• **Exercise material**:
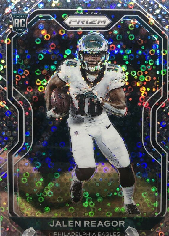 This card is 1 of 58 Jalen Reagor's card variations in the 2020 Prizm set being tracked by Sports Card Investor, including Base, Disco, Green, Lazer, and Light Blue.
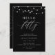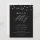 Celebrate a milestone birthday with this elegant Hello Fifty 50th birthday invitation. Designed in classic black and white, this modern invitation features refined typography and graceful script accents with subtle white glitter and soft string lights for a classy, adult look. The simple, polished layout makes it perfect for a sophisticated celebration.
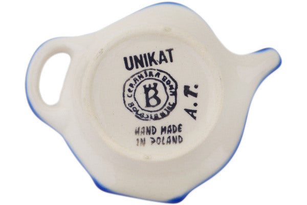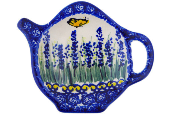 This Polish Pottery Tea Bag or Lemon Plate is handmade and handpainted by the Ceramika Bona factory in Boleslawiec, Poland. Manufacturer item number H2852P. It is ¾" high and measures 4½" by 3¾". The weight of this Tea Bag or Lemon Plate is 0.2 lbs. It is part of the Garden Whispers Collection.
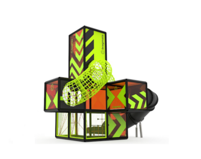 2 Estructuras tridimensionales para escalar fabricadas en cuerdas reforzadas de acero revestido por fibras de nylon de Ø16mm.
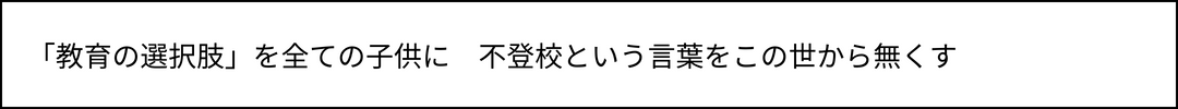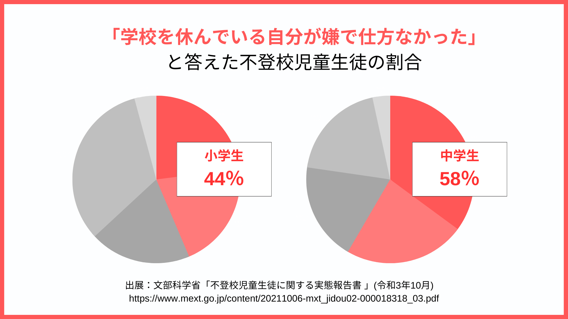 令和3年文科省の「不登校児童生徒の実態把握に関する調査報告書」によると、不登校小学生の44%、不登校中学生の58%が「学校を休んでいる自分が嫌で仕方なかった」と回答しました。不登校家庭へのヒアリングにおいては、「学校に行かない自分はダメな子供なんだ」「学校に行かなくなってから外出しづらくなった」「我が子が学校に行っていないことに負い目があった」という声が聞かれたように、学校に行くことが目的であり、学校に行かないことは悪であるという固定観念が子どもの豊かな学びを奪っていると私たちは考えます。
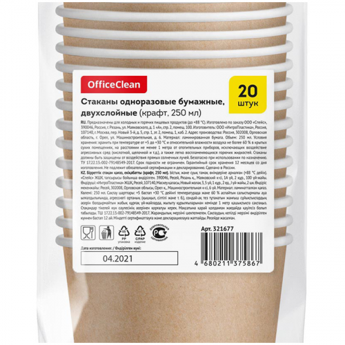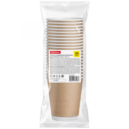 Стаканы одноразовые OfficeClean объемом 250 мл изготовлены из двухслойной ламинированной бумаги в дизайне крафт. Благодаря использованию в производстве натуральных материалов, стаканы являются безопасными для здоровья человека и его окружения. Они имеют достаточную плотность, чтобы дольше сохранить напиток горячим или холодным, при этом выдерживать температуру горячего кофе, шоколада или чая, не деформируются и не жгут руки.
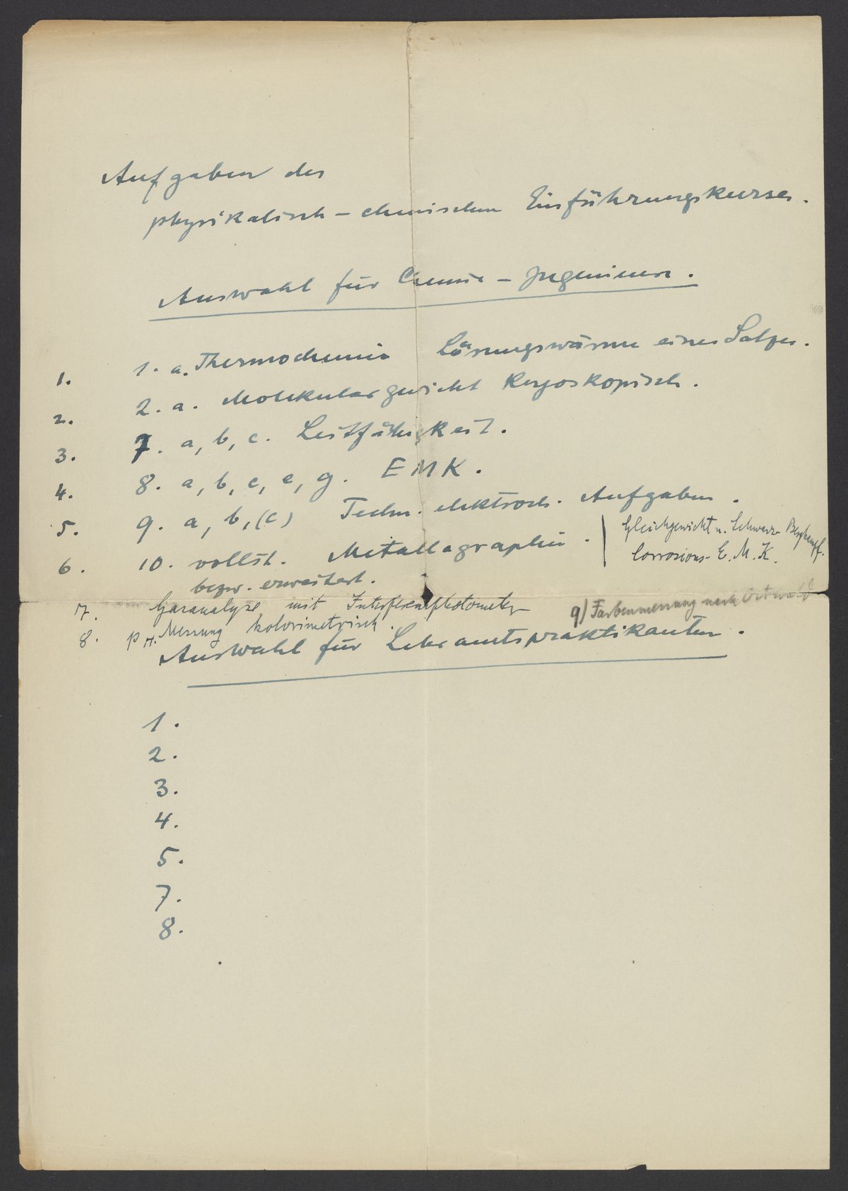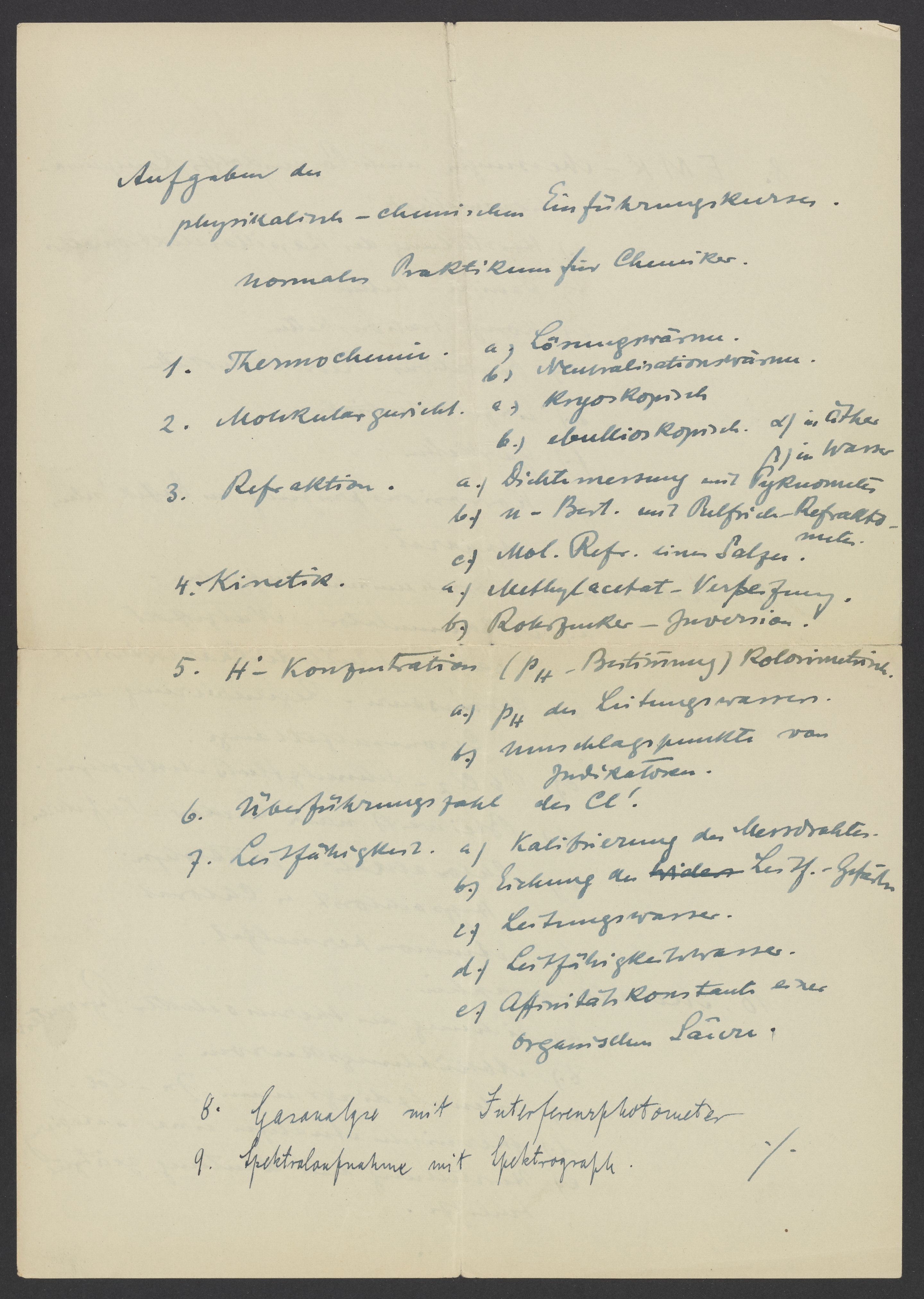Aufgaben der physikalisch-chemischen Einführungskurs
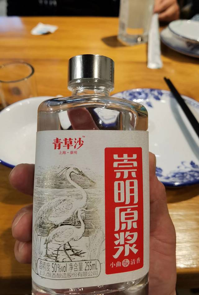 这家饭馆一溜排的一共有七、八家菜馆,中间是一家“我在杭州等你”的酒吧,都尝过味道了,最旁边,还有一家小超市,有来自上海市崇明岛的崇明原浆,有一种亲切感,最终,我选择了这家私藏,理由只有一个:有感觉。

• **What is being asked**: Without including any pictures, output all the entries above exactly.

• **Solution to this exercise**:
 This card is 1 of 58 Jalen Reagor's card variations in the 2020 Prizm set being tracked by Sports Card Investor, including Base, Disco, Green, Lazer, and Light Blue.
 Celebrate a milestone birthday with this elegant Hello Fifty 50th birthday invitation. Designed in classic black and white, this modern invitation features refined typography and graceful script accents with subtle white glitter and soft string lights for a classy, adult look. The simple, polished layout makes it perfect for a sophisticated celebration.
 This Polish Pottery Tea Bag or Lemon Plate is handmade and handpainted by the Ceramika Bona factory in Boleslawiec, Poland. Manufacturer item number H2852P. It is ¾" high and measures 4½" by 3¾". The weight of this Tea Bag or Lemon Plate is 0.2 lbs. It is part of the Garden Whispers Collection.
 2 Estructuras tridimensionales para escalar fabricadas en cuerdas reforzadas de acero revestido por fibras de nylon de Ø16mm.
 令和3年文科省の「不登校児童生徒の実態把握に関する調査報告書」によると、不登校小学生の44%、不登校中学生の58%が「学校を休んでいる自分が嫌で仕方なかった」と回答しました。不登校家庭へのヒアリングにおいては、「学校に行かない自分はダメな子供なんだ」「学校に行かなくなってから外出しづらくなった」「我が子が学校に行っていないことに負い目があった」という声が聞かれたように、学校に行くことが目的であり、学校に行かないことは悪であるという固定観念が子どもの豊かな学びを奪っていると私たちは考えます。
 Стаканы одноразовые OfficeClean объемом 250 мл изготовлены из двухслойной ламинированной бумаги в дизайне крафт. Благодаря использованию в производстве натуральных материалов, стаканы являются безопасными для здоровья человека и его окружения. Они имеют достаточную плотность, чтобы дольше сохранить напиток горячим или холодным, при этом выдерживать температуру горячего кофе, шоколада или чая, не деформируются и не жгут руки.
Aufgaben der physikalisch-chemischen Einführungskurs
 这家饭馆一溜排的一共有七、八家菜馆,中间是一家“我在杭州等你”的酒吧,都尝过味道了,最旁边,还有一家小超市,有来自上海市崇明岛的崇明原浆,有一种亲切感,最终,我选择了这家私藏,理由只有一个:有感觉。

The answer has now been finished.